La vie d'Anna est d'une fadeur alarmante. Rien ne se passe dans la vie de cette trentenaire qui vit avec sa mère et son chien. Tentant de se suicider, elle réussit juste à se casser une jambe. Elle doit suivre une rééducation. Celle ci est menée par le docteur André Zanevsky. La jeune femme est persuadée que celui lui fait du charme. Cette idée fait plonger la jeune femme dans la folie.

Ce genre de sujet est traité de de deux manières: sur le mode romantique entre tendresse et triste constat ou sur le mode thriller sexy comme Liaison Fatale. Michel Spinoza s'enfuit rapidement des clichés. Son héroïne souffre d'érotomanie: le cinéaste observe sans jugement cet état de démence.

C'est ce qui fait la grande force de ce long métrage: le regard clinique fait froid dans le dos. Certains reprocheront une nonchalance au niveau du scénario mais le film s'apparente une observation neutre et sans préjugé.

L'héroïne terrorise l'objet de son affection. Peu à peu, le personnage pathétique devient attachant car elle se fait du mal. Doucement elle glisse vers des dangers étonnants. La folie est scrutée avec une précision angoissante.

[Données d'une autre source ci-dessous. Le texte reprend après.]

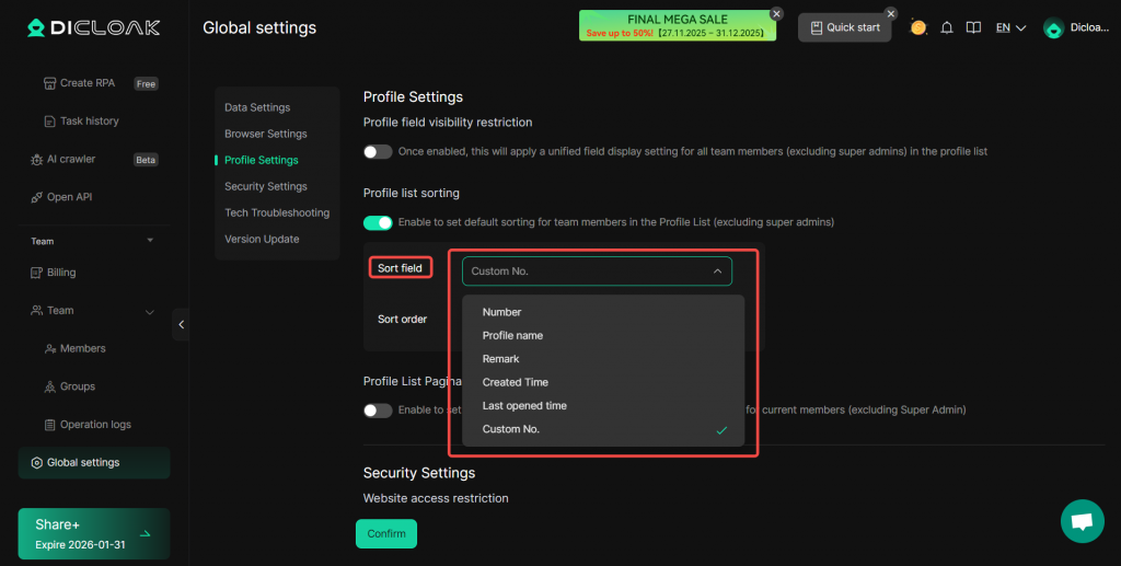 - Custom No.: Assign a custom number to each profile and sort based on this number.

La composition d'Isabelle Carré est stupéfiante. Effrayante, elle sait être victime et bourreau. Elle est capable du pire, se vautre dans l'excès, s'en prend même à des enfants, et pourtant, il subsiste une douleur que l'on a tous partagé, celle d'un insupportable rejet. D'une justesse rare, la comédienne est une fois de plus parfaite.

Elle reste le mystère qui maintient l'intérêt du film, un peu long et frustrant car il oublie l'objet du désir, pourtant interprété par Gilbert Melki, acteur précieux. Mais bon, cette passion dévorante n'est vécue que par une personne. Son monopôle est justifié à défaut d'être parfait!